Переннису, в общем, было безразлично, где власти будут держать преступника. Больших почестей за голову какого?то дезертира и бандита, которых по всем провинциям было полным–полно, ожидать не приходилось. На всякий случай он лично осмотрел городскую тюрьму. Здание было ветхое, для содержания преступников не приспособленное. В те времена сроков не давали, а тюрьмы являлись всего лишь местом ожидания казни. О своих соображениях Тигидий докладывать наместнику не стал – пусть сам разбирается.
На третий после поимки Матерна день в Бурдигалу прибыл императорский гонец из преторианских сингуляриев с приказом префекту Тигидию Переннису явиться в Рим. Это распоряжение наделало немало шума в столице провинции. Цель вызова не сообщалась, и на вопрос Фуфидия курьер пожал плечами и сказал, что ему об этом ничего не известно. Вручили пакет и приказали – скачи. Он поскакал, остальное его не касается. Фуфидий Руф после недолгого размышления решил, что за Переннисом открылись какие?то старые грешки, тяжесть которых оказалась повесомей, чем нерадение в борьбе с разбойниками, поэтому аудиенцию опальному префекту сократил до нескольких минут, а также постарался урезать сумму, полагающуюся префекту на проезд.
Если бы Фуфидий знал, какую весточку принес курьер Тигидию, знакомому ему еще по Виндобоне! Оставшись один на один, сингулярий тихо выговорил.
— Запомни меня, Тигидий. Я мог бы умолчать о том, что просил передать тебе Эмилий Лет.
Префект сумел унять охвативший его страх, потом сообразил – раз просит запомнить, значит, его вызывают в столицу не на расправу. Следом заставил себя придавить и неожиданно нахлынувшую радость. Молчи, не спугни удачу. Он мрачно и равнодушно спросил.
— Запомню. Короче…
— Лет просил предупредить. Он, – курьер ткнул указательным пальцем в потолок, – метит тебя в преторий на высокую должность.
— Пятого или шестого трибуна?
Курьер отрицательно покачал головой.
— Третьего? Второго?.. Первого?!
Опять отрицательное покачивание.
Глаза у Перенниса расширились, у него перехватило дыханье. Он изумленно поглядел на сингулярия.
— Командира легиона?
Тот утвердительно кивнул, потом торопливо добавил.
— А то и выше.
Переннис невольно сглотнул, однако быстро взял себя в руки.
— Не врешь?
— Клянусь Янусом! Хотя Лет и добавил, что окончательное решение еще не принято…
Курьер испытал внутреннее сомнение – стоит ли продолжать? Переннис для храбрости положил ему руку на плечо, привлек поближе.
— Говори.
— В дополнение к Лету… Мне приходилось ездить за опальными.
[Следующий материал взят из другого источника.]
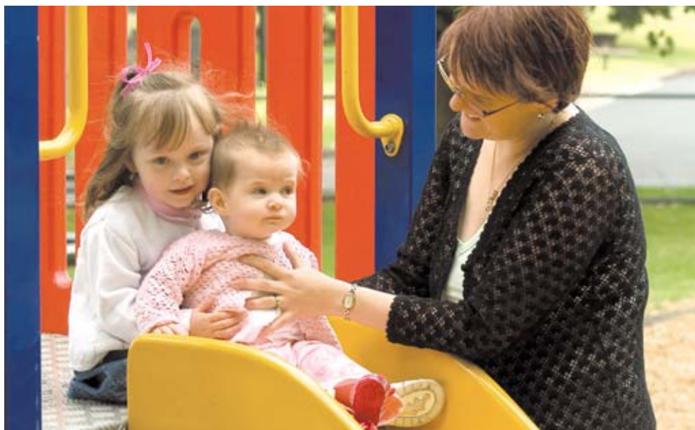
Playtime for children in Glen Eira has never been so much fun.

Здесь не тот случай. Скорее, наоборот, – он многозначительно покивал.
— Что еще просил передать Лет?
— Сказал, чтобы ты не порол горячку и не торопился. Пусть все идет своим путем.
— Понятно. Никому ни слова, приятель. Я в долгу не останусь.
— Буду надеяться. Хотя те, кто взлетал на самую высокую ветку, сразу забывал о тех, кто копошится в траве.
— Я не из таких. Мне понадобятся верные, умеющие держать язык за зубами товарищи. Когда отправляешься обратно?
— Завтра утром.
— Тогда прошу сегодня на прощальную вечеринку.
— Стоит ли? – усомнился сингулярий. – Я приехал и уехал, а ты сам разбирайся.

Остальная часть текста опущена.